Gina Perry, the researcher who exposed this appalling pseudo-scientific stunt back in 2012, has followed up with a study of the Zimbardo prison experiment, pointing out that not only did two thirds of the ‘guards’ refuse to torture the ‘prisoners’ as requested (!), but that those who obeyed the instruction felt obliged to do so because they were being paid and told how to behave. Many of the ‘guards’ subsequently said they felt angry that they had been duped and manipulated (New Scientist, 13 October).
The enduring fame of these two dodgy experiments undoubtedly owes everything to the fact that people love hearing about how bad humans are, and this is a crucial part of the ideology of the rich who rule over us. Without rulers to dispense justice and punishment, we are reliably assured through every medium from the Daily Mail to murder dramas, we will certainly descend to barbarism and then extinction.
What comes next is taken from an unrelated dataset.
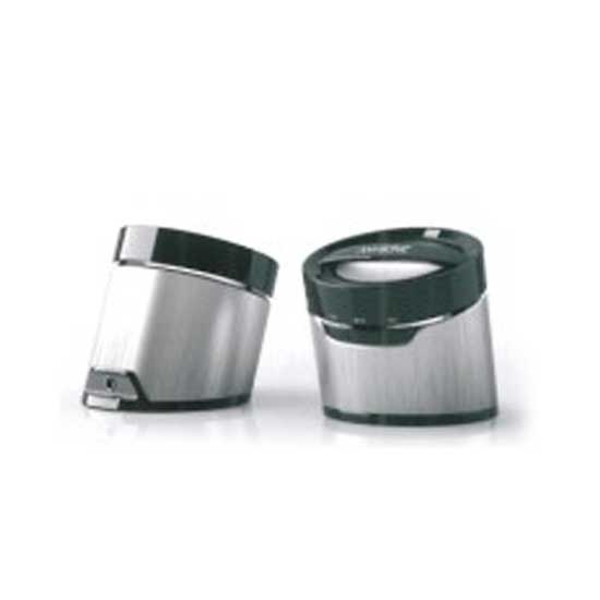 This is a loudspeaker with a unique and stylish design. It features a silvery body with a black top and a black bottom. Equipped with high-quality components, this loud speaker promises excellent sound effects.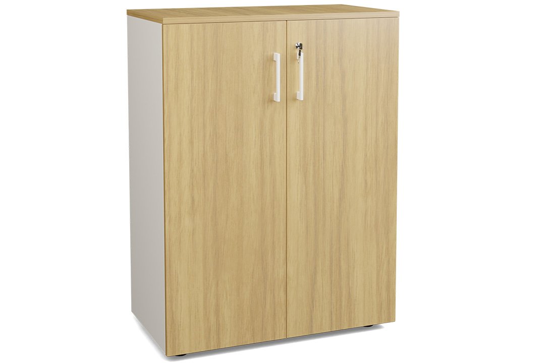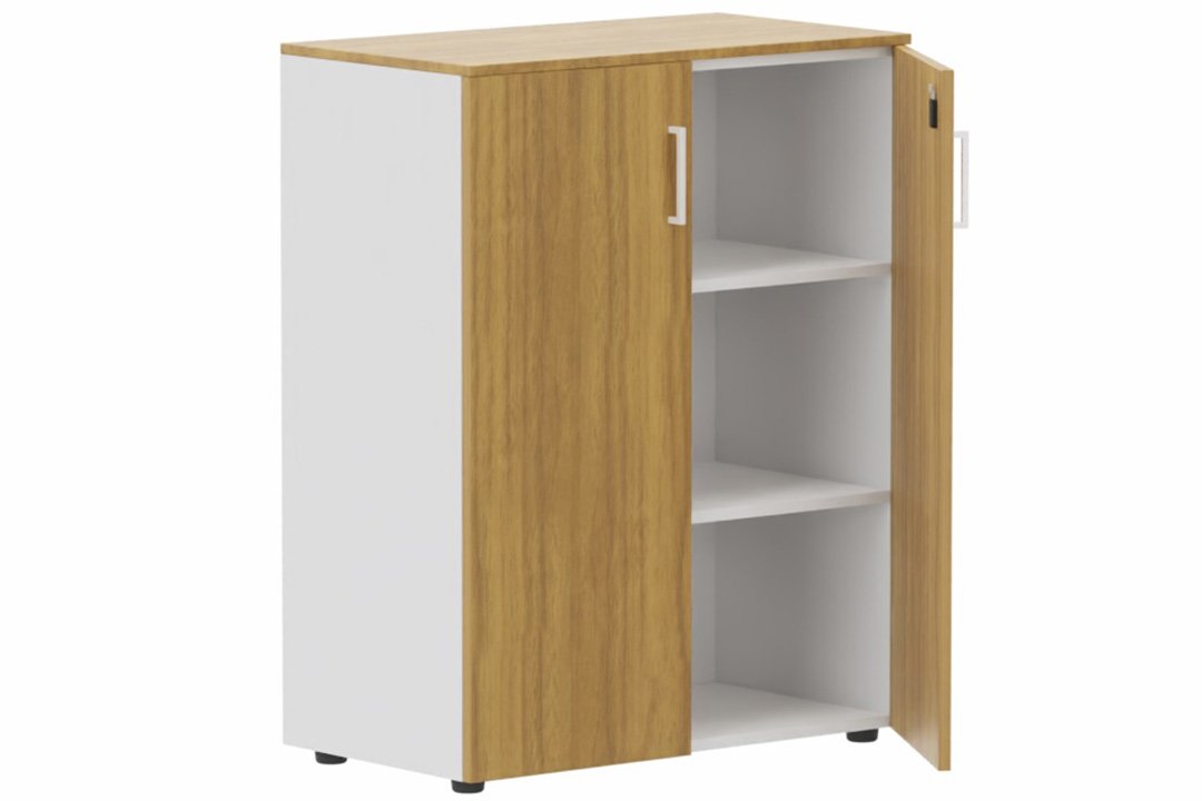 Armoire mélamine H102XL100 cm portes bois, Finitions= Top de finition : noyer / Corps d'armoire et tablettes : blanc Façade : noyer

At one time this notion of ‘scientific’ original sin extended to primates too. London Zoo in 1932 witnessed a phenomenon which became known as The Massacre at Monkey Hill and caused global headlines. A new open-air baboon enclosure was the scene of an astonishing seven-year bloodbath and started a trend in anthropology based on the notion of the ‘killer ape’. In fact the Monkey Hill debacle was due to human ignorance. Staff packed 94 harem-loving male baboons into a space which, in the wild, would have accommodated only one, and then accidentally included six females. The violence that ensued was so bad that staff could not enter the enclosure to remove the bodies. So infatuated did lab researchers and wider society become with this violent ‘killer ape’ stereotype that it was decades before pioneering young field researchers like Jane Goodall were able to overturn it with the simple observation that primates including baboons do not behave this way in the wild. As a recent 2016 article puts it, ‘trying to generalise about primate behaviour based on Monkey Hill would be like trying to learn about human nature by watching a prison riot’ (priceonomics.com/the-massacre-at-monkey-hill).
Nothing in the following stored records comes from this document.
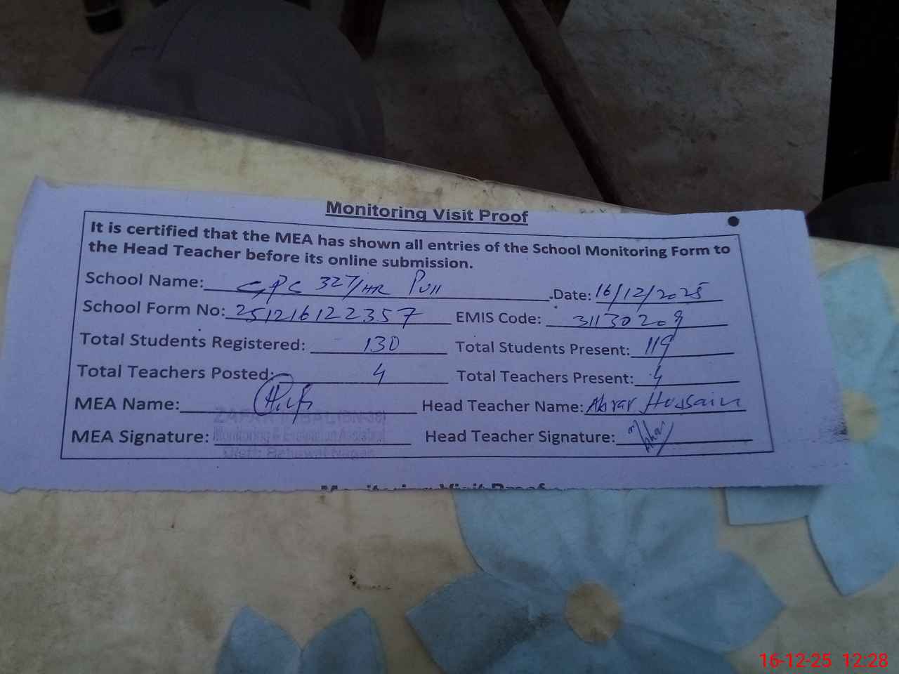 | EMIS Code: 31130209 | Name of School: GPS CHAK NO.327/HRL | |||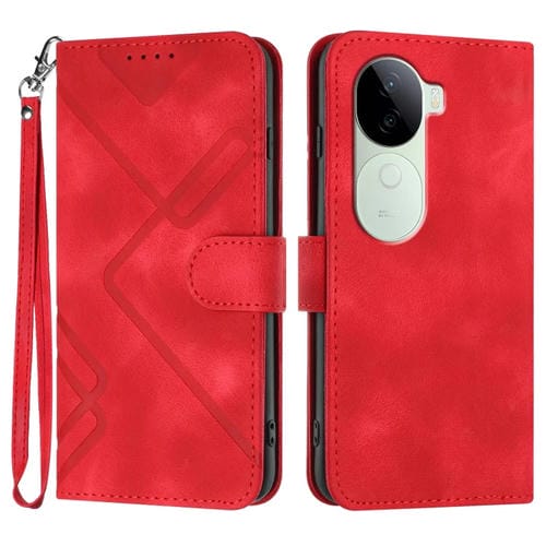 Funda de Cuero con Estampado de Líneas Indias para Vivo Iqoo Z9S/V40E (Roja)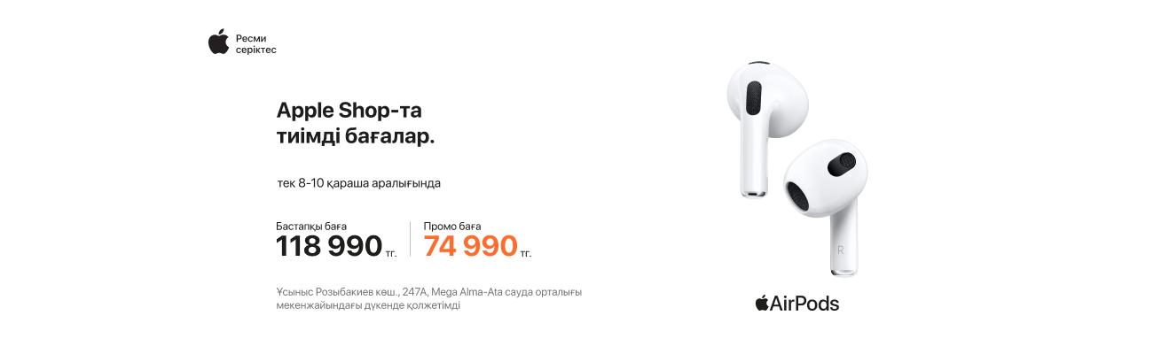 - AirPods 3 — 125 990 тг орнына 84 990 тг, 41 000 тг үнемдейсің;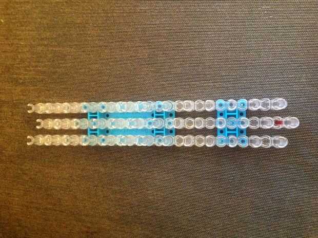 he modificado este video tutorial para crear una pulsera bigote! ¡ Disfrute!Paso 1: Se necesita: una tira de las clavijas de un telar del arco iris, dos colores de bandas (mina son de color rojo para las bandas de encuadre y plata para las bandas de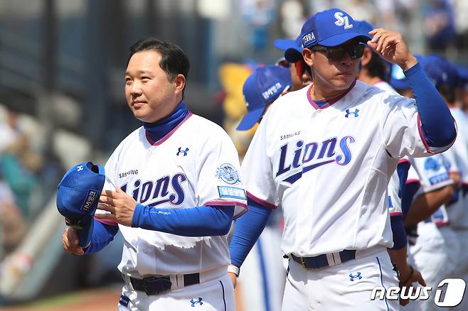 (대구=뉴스1) 공정식 기자 = 1일 오후 대구 삼성라이온즈파크에서 열린 프로야구 '신한은행 SOL 2023 KBO리그' NC 다이노스와 삼성 라이온즈의 시즌 개막전에서 삼성 박진만 감독과 이병규 코치가 개막행사에 참석하고 있다. 2023.4.1/뉴스1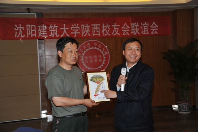 联谊活动中,吴玉厚代表学校向陕西校友会赠送了用学校稻田稻穗制作的精美工艺品,并祝校友幸福安康,事业顺达,心想事成。

The ‘human nature’ argument is one of the most enduring pieces of propaganda ever levelled at socialists, and it remains popular because in some masochistic way people want to believe the worst of themselves. But it plays directly into the hands of our self-appointed and self-serving rulers. In reality there is nothing in human nature that predisposes us to violence, or against socialism, and the vast majority of workers are nothing like the anti-human caricature that the capitalist media promotes through its shlock-horror reporting and its endless obsession with those TV murder dramas.